Example configuration for the partition shape experiment:
{
"array": {
"shape": [10000, 10000]
},
"partition": {
"shape": [500, 500],
"range": {
"max_nr_elements": 1250000,
"multiplier": 1.5,
"method": "linear"
}
},
"arguments": {
"positionals": [
],
"options": {
}
}
}
Experiment#
Partition shape#
Given the above configuration files we can start the scalability experiments. The first thing to do is to determine a good partition shape to use for the strong and weak scalability experiments. For this we can call lue_scalability.py with the prefixes of the paths containing the cluster, worker, and experiment configuration files. Additionally, we need to tell it that we want to perform a partition shape experiment. This results in a command like this:
# 50 Is a model-specific argument. In this case the number of generations
# that we want the model to simulate
lue_scalability.py \
partition_shape script game_of_life.py "50" orkney cpu_core \
./lue_qa/configuration ./lue_qa/experiment /tmp/scalability
This command will create a Bash script for us, containing all the commands that need to be executed to end up
with enough information to be able to select a good partition shape. The name of the script will be printed.

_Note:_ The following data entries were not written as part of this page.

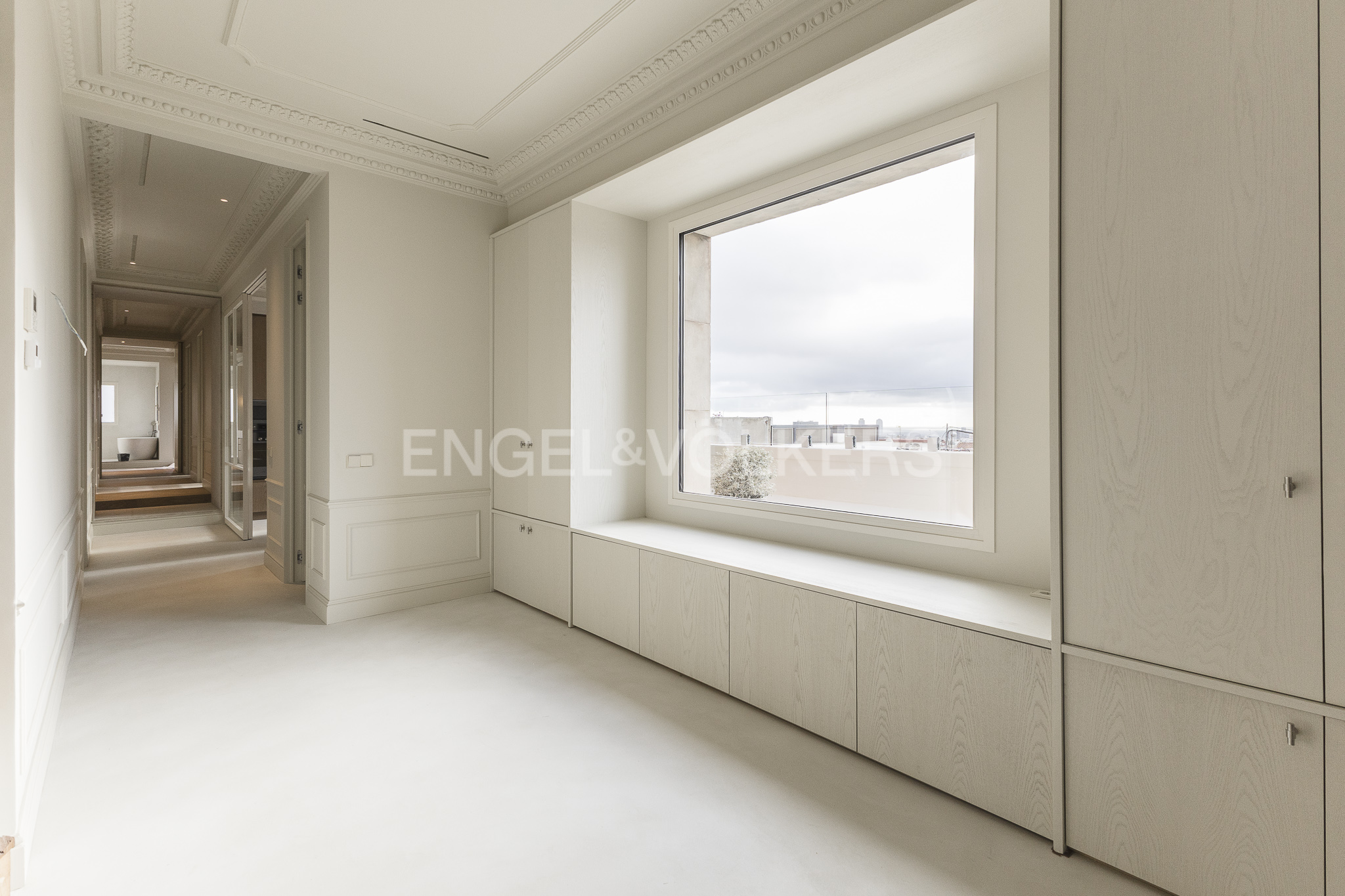 Exclusivo ático dúplex de 250 m² interiores y 200 m² de terrazas privadas, ubicado en las plantas superiores de un edificio histórico completamente rehabilitado. Combina el encanto clásico con un diseño contemporáneo y las más altas calidades. Distribución La planta principal alberga un amplio salón-comedor con acceso directo a la terraza y una cocina integrada de diseño con mobiliario en madera de roble, encimeras de acero inoxidable y electrodomésticos de gama alta Gaggenau y Liebherr. En la planta superior se encuentran las zonas exteriores, distribuidas en varios niveles con piscina climatizada con hidromasaje, solárium y áreas ajardinadas. Gracias a su orientación a tres vientos, disfruta de luz natural todo el día y espectaculares vistas sobre la ciudad. Acabados y equipamiento • Suelos de tarima de madera natural en espiga. • Carpinterías Technal con doble vidrio y aislamiento térmico-acústico. • Armarios empotrados retroiluminados y acabados premium. • Baños con piedra natural, microcemento y griferías de diseño. • Sistema de climatización por aerotermia Daikin con tres zonas independientes. • Paneles solares para autoconsumo y máxima eficiencia energética. • Domótica integral (iluminación, climatización y seguridad). • Sistema de seguridad con control biométrico y cámaras IP Full HD. Terrazas exteriores • 200 m² en varios niveles. • Piscina climatizada con hidromasaje. • Pavimento porcelánico antideslizante. • Pérgolas metálicas con lamas orientables. • Jardineras con riego automático e iluminación ambiental. ________________________________________ Una vivienda única que combina elegancia, tecnología y confort, con una espectacular zona exterior privada y vistas incomparables. Ideal para quienes buscan exclusividad, diseño y calidad de vida en pleno corazón de la ciudad.
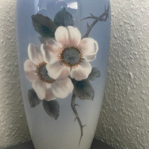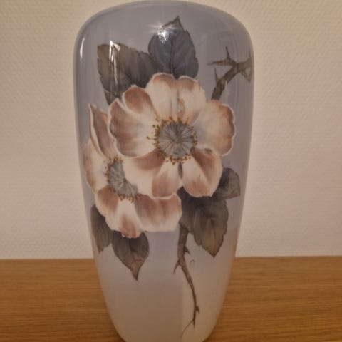 Porcelæn, Vase , Royal Copenhagen, RC 2630/1049 intakt smuk stor vase 23 cm høj malet med vildrose på forsiden og en sommerfugl bagpå. Baggrundsfarven er lys dueblå som lysner mod bunden.
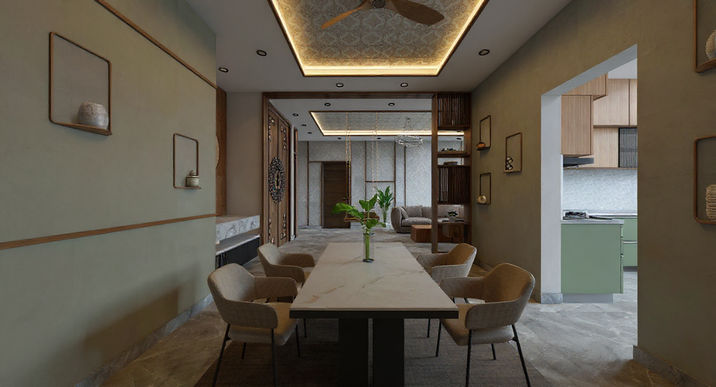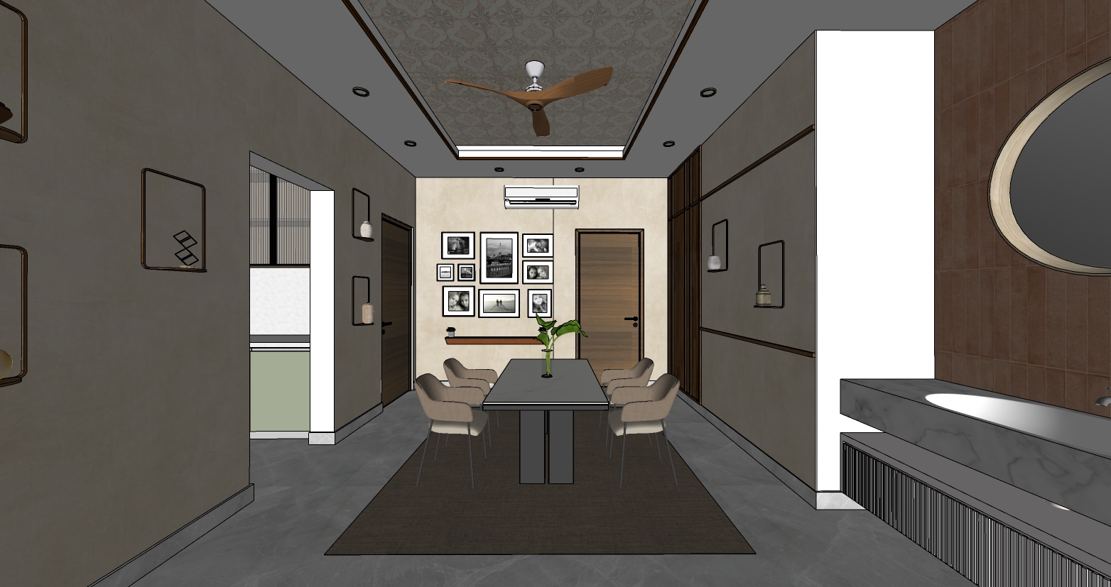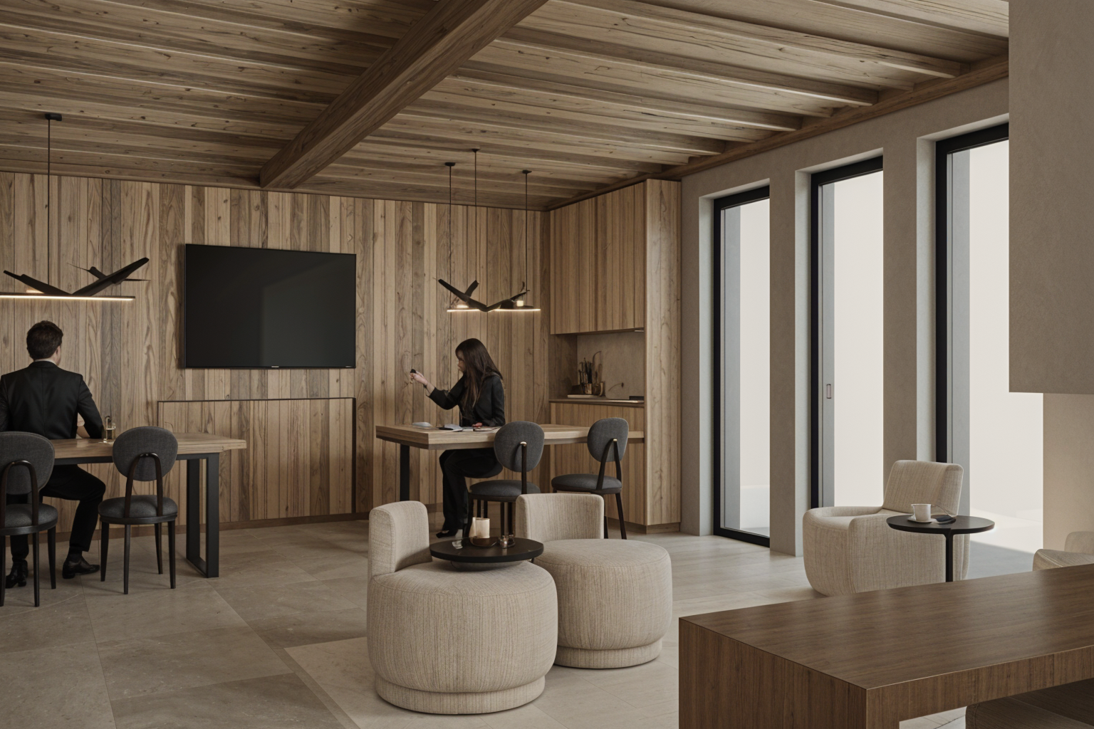 create a realistic interior render showcasing the existing furniture and flooring with their original textures preserved exactly as provided integrate cove lighting within the ceiling to produce a soft ambient glow that enhances the overall atmosphere ensure the ceiling cove lights are realistically illuminated casting appropriate shadows and reflections on surrounding surfaces maintain accurate material properties for all elements including fabric wood metal and flooring finishes to achieve a high fidelity photorealistic result adjust light intensity and color temperature for a balanced warm and natural lighting composition without overexposure
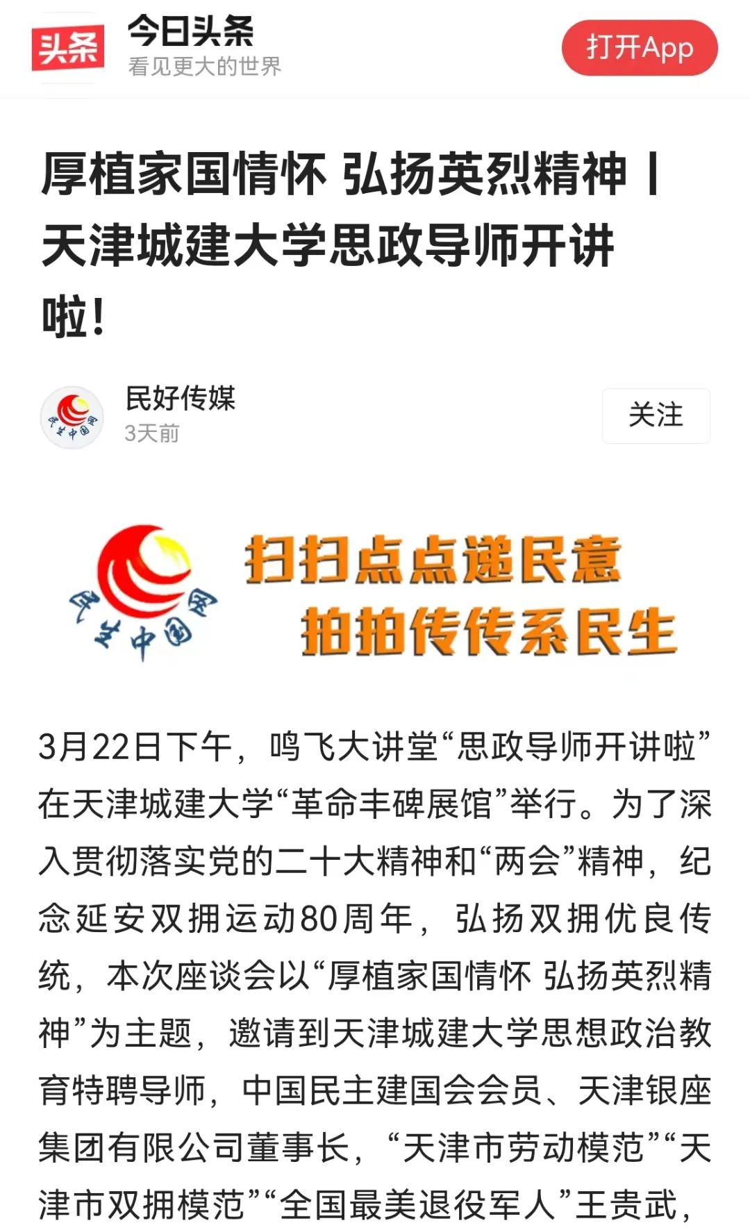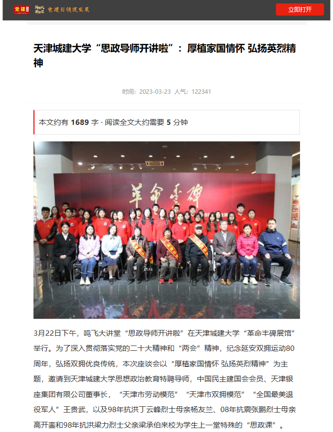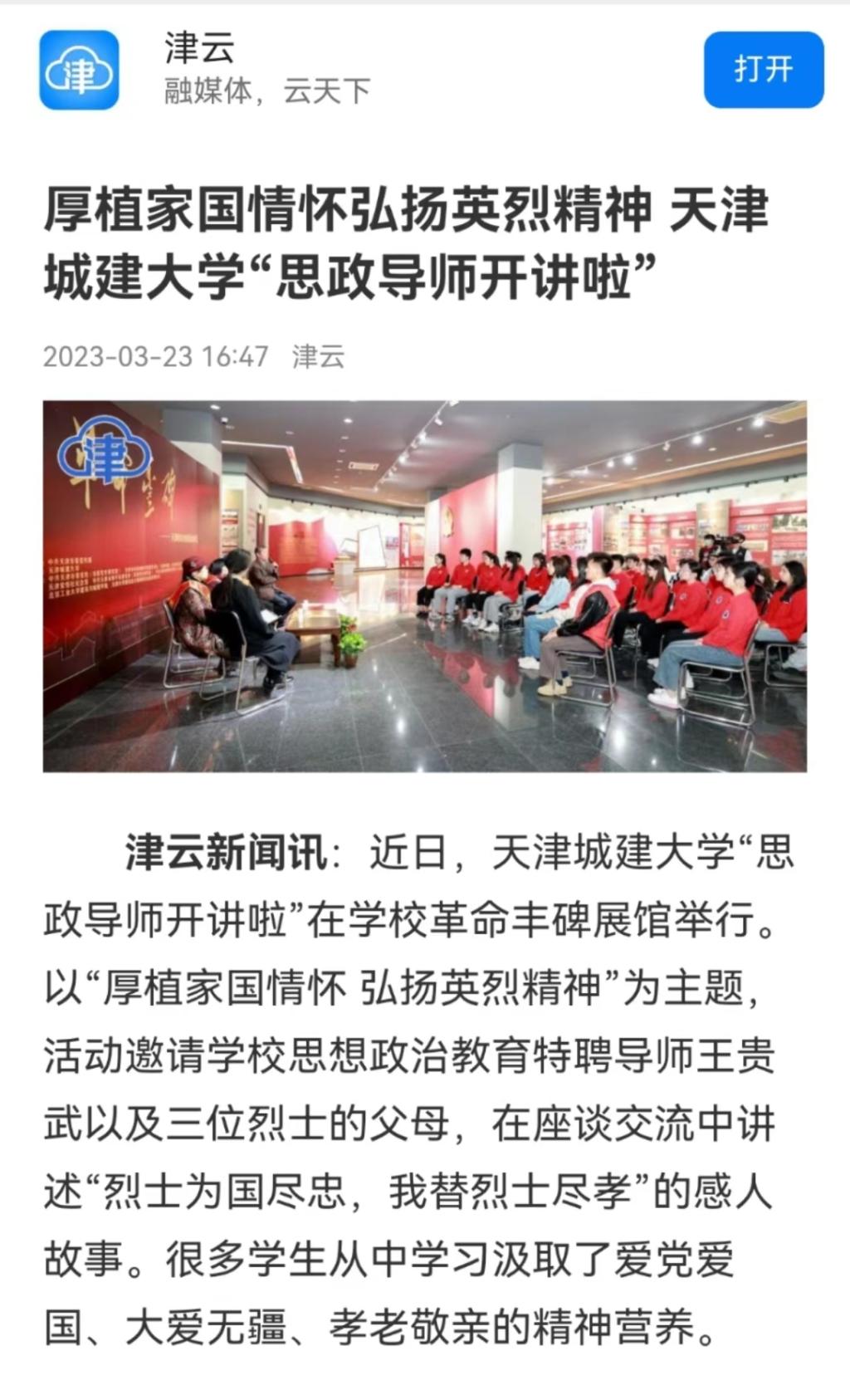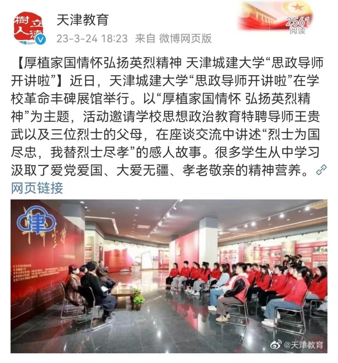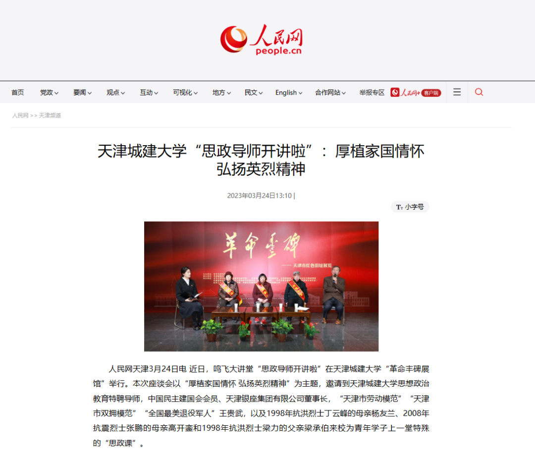 近日,鸣飞大讲堂“思政导师开讲啦”在学校“革命丰碑展馆”举行,3月24-26日,人民网、《天津日报》、津云客户端、天津教育、党建头条客户端等多家媒体对Beat365官网大思政课“校厚植家国情怀 弘扬英烈精神”进行报道,现将部分媒体报道汇总如下:
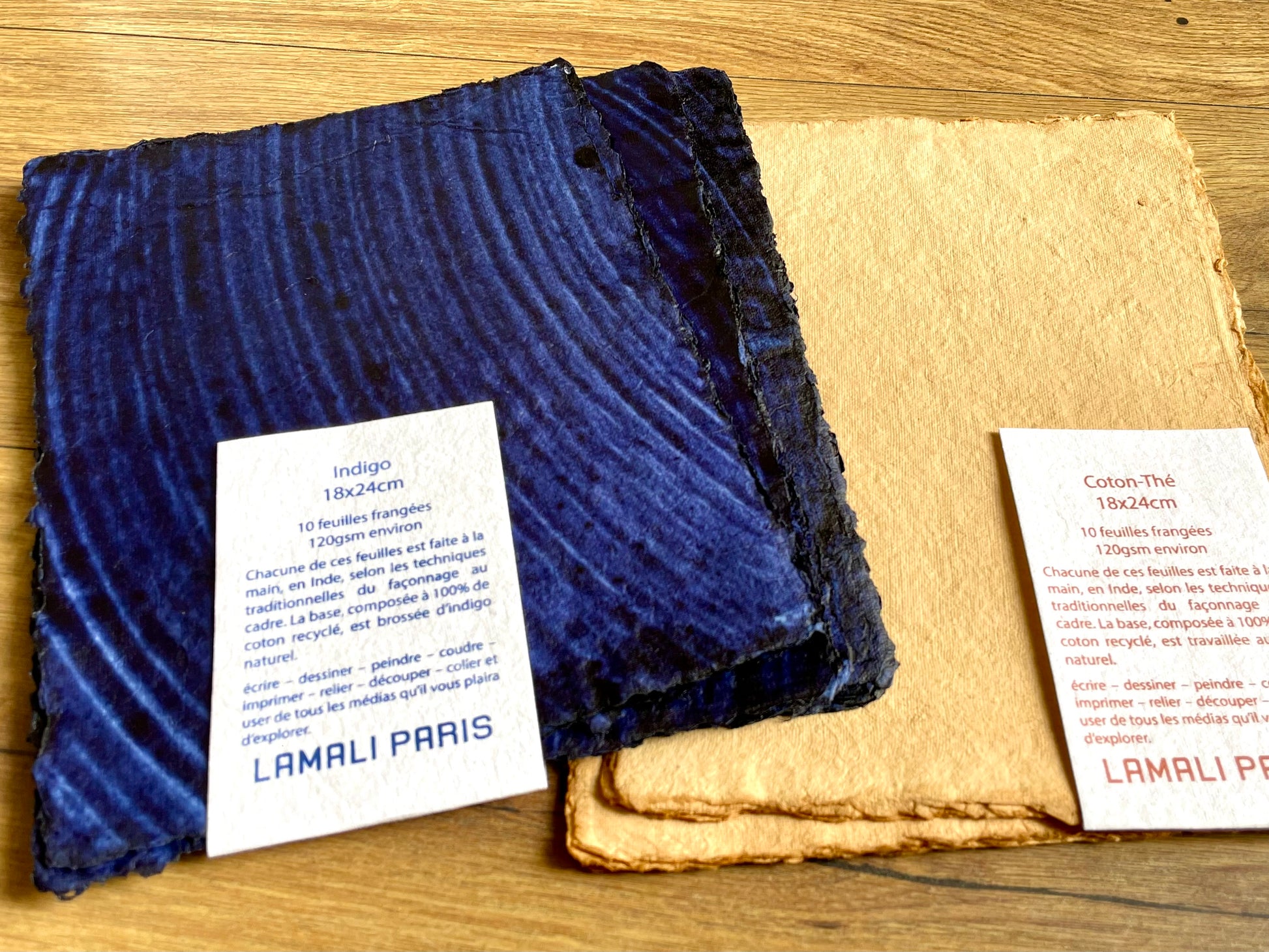 10 handgeschöpfte und fair gehandelte Bogen aus recycelter Baumwolle, in Indien hergestellt.

Its name is based on the information passed in:
<result_prefix>/<cluster_name>/<worker_name>/<command_name>/<experiment_name>.sh
.
Once the commands from this Bash script have finished executing, all results must be aggregated into a single
LUE dataset called scalability.lue
, using the same command as before, but using the import stage name
instead of script:
lue_scalability.py \
partition_shape import game_of_life.py "50" orkney cpu_core \
./lue_qa/configuration ./lue_qa/experiment /tmp/scalability
The last step of this experiment involves postprocessing the results. This results in various statistics ending up in the same LUE dataset as created in the previous step, as well as in a PDF containing a graph showing the latencies of performing the experimental runs for different partition shapes. For this we can again use the same command as before, but using the postprocess stage name instead of import:
lue_scalability.py \
partition_shape postprocess game_of_life.py "50" orkney cpu_core \
./lue_qa/configuration ./lue_qa/experiment /tmp/scalability
The experiment is now finished and we can inspect the plot in plot.pdf
to visually inspect the results. We
are interested in a partition shape for which the latency is the lowest. In general we will have multiple
options that have good (low) latencies.
Strong scalability#
Performing a strong scalability experiment involves calling the same commands as in the partition shape experiment, but now using the strong_scalability experiment name instead of partition_shape:
lue_scalability.py \
strong_scalability script game_of_life.py "50" orkney cpu_core \
./lue_qa/configuration ./lue_qa/experiment /tmp/scalability
lue_scalability.py \
strong_scalability import game_of_life.py "50" orkney cpu_core \
./lue_qa/configuration ./lue_qa/experiment /tmp/scalability
lue_scalability.py \
strong_scalability postprocess game_of_life.py "50" orkney cpu_core \
./lue_qa/configuration ./lue_qa/experiment /tmp/scalability
Both model users and LUE developers can be quite happy with these results. The model can actually use additional hardware to speed up the model, but there is still a challenge left for the developers to look into.
Weak scalability#
Performing a weak scalability experiment involves calling the same commands as in the partition shape and strong scalability experiment, but now using the weak_scalability experiment name:
lue_scalability.py \
weak_scalability script game_of_life.py "50" orkney cpu_core \
./lue_qa/configuration ./lue_qa/experiment /tmp/scalability
lue_scalability.py \
weak_scalability import game_of_life.py "50" orkney cpu_core \
./lue_qa/configuration ./lue_qa/experiment /tmp/scalability
lue_scalability.py \
weak_scalability postprocess game_of_life.py "50" orkney cpu_core \
./lue_qa/configuration ./lue_qa/experiment /tmp/scalability
Given these results, model users can make good use of additional hardware to process larger datasets. As we learned already, there is still some room left for improvement.
Bash script#
To make it easy to start a scalability experiment for other models and on different platforms, below is the
Bash script used to obtain the results presented above. To be able to run it the pathname of the directory of
the command used in the experiment (game_of_life.py
in this case) has to be added to $PATH
(and LUE has to
be installed, obviously).
#!/usr/bin/env bash
set -euo pipefail
platform_config_prefix="$HOME/development/project/github/computational_geography/lue_qa/configuration"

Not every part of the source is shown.